XML can be processed in different ways. Usually, by continuously reading/writing or using a DOM object structure. We're so far in that some tools (including .NET libraries) allow us to work with XML just like a database and execute SQL queries on it. As you can imagine, this saves a lot of work. Another language for querying XML files is XPath.

XML competes with JSON, which is simpler but less popular in business applications. Unlike XML, it can be used to log at the end of a file easily without loading the entire document.

XML is very often used to exchange data between different systems (e.g. desktop applications and web applications on a server). Therefore, as we've already mentioned, there are many libraries for it and every tool is aware of and is able to work with it. This includes web services, SOAP, and so on. However, we won't deal with any of them now.

Last time, we saved a list of users to a CSV file. We saved their name, age, and date of registration. The values were next to each other, separated by semicolons. Each line represented a user. The file's contents looked like this:

John Smith;22;3/21/2000
James Brown;31;10/30/2012

Anyone who isn't directly involved wouldn't know what any of that means, would they? Here is the equivalent to that file in the XML format:

<?xml version="1.0" encoding="UTF-8" ?>
<users>
    <user age="22">
        <name>John Smith</name>
        <registered>3/21/2000</registered>
    </user>
    <user age="22">
        <name>James Brown</name>
        <registered>10/30/2012</registered>
    </user>
</users>

Now everyone can tell what is stored in the file. I saved age as an attribute just to demonstrate that XML is able to do things like that. Otherwise, it'd be saved as an element along with the name and registration date. Individual items are called elements. I'm sure you're all familiar with HTML, which is based on the same fundamentals as XML. The elements are usually paired, meaning that we write the opening tag followed by the value and then the closing tag with a slash. Elements can contain other elements, so it has a tree structure. Furthermore, we're able to save an entire hierarchy of objects into a single XML document.

At the beginning of an XML file, there is a header. The document has to contain exactly one root element in order for it to be valid. Here, it's the <user> element which contains the other nested elements. Attributes are written after the attribute name in quotation marks.

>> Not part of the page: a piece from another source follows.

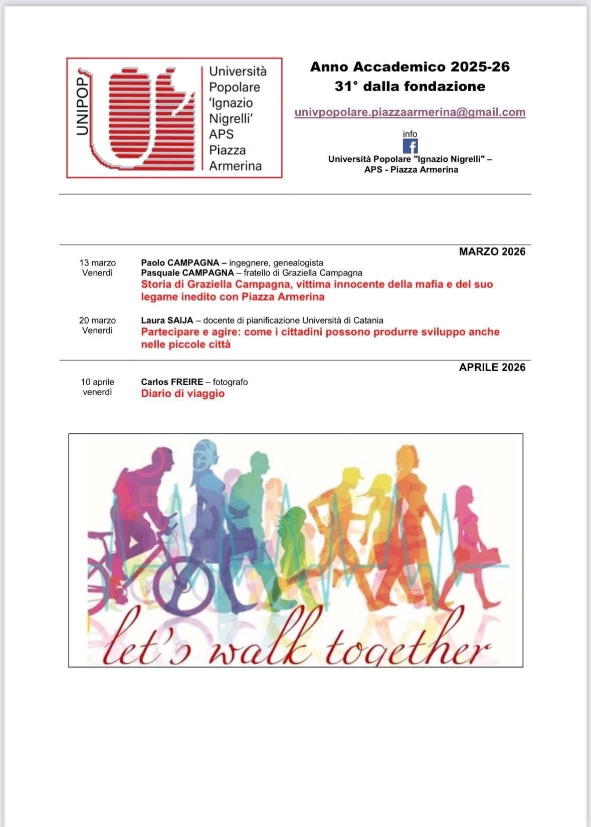 PIAZZA ARMANNA- “In un mondo che corre, fermati a pensare con noi”. Questo lo slogan che annuncia il programma del 31° anno accademico dell’UniPop “Ignazio Nigrelli” – APS, “Università Popolare Ignazio Nigrelli”. Il nuovo programma è la conferma dell’impegno che ha consentito all’associazione, in tutti questi anni, di assumere un ruolo centrale nel welfare culturale della città.

As you can probably tell, the file got bigger, which is the price paid for it to look pretty. If the user had more than three properties, you'd be able to see just how messy the CSV format can get, and how worthwhile the XML format is. Personally, as I gain more and more experience, I prefer solutions that are clear and simple, even if that means that they occupy more memory. This not only applies to files but for source codes as well. There is nothing worse than when a programmer looks at their code after a year and has no idea what the eighth parameter in a CSV file is when there are 100 numbers per line. Even worse, having a five-dimensional array, which is super fast, they wouldn't have to rewrite this whole functionality now. However, let's get back to today's topic.

XML in .NET

We'll focus on two fundamental approaches to work with XML files - the continuous approach (the SAX parser) and the object oriented approach (DOM). Today's and the next lessons will be dedicated to SAX, after which we'll get to DOM. Again, there are more ways to work with XML files using the .NET framework. Some are old and only present for backward compatibility's sake. I spent quite a lot of time working with XML files within .NET, so I only added the most modern approached and simple constructs.

Parsing XML via SAX

SAX (stands for Simple API for XML) is actually a simple extension of the text file reader. Writing is relatively simple. We subsequently write the elements and attributes in the same order as they are present in the file (we ignore the tree structure in this approach). .NET provides the XmlWriter class which relieves us from having to deal with the fact that XML is a text file. We only work with the elements, more accurately, nodes (more on that later).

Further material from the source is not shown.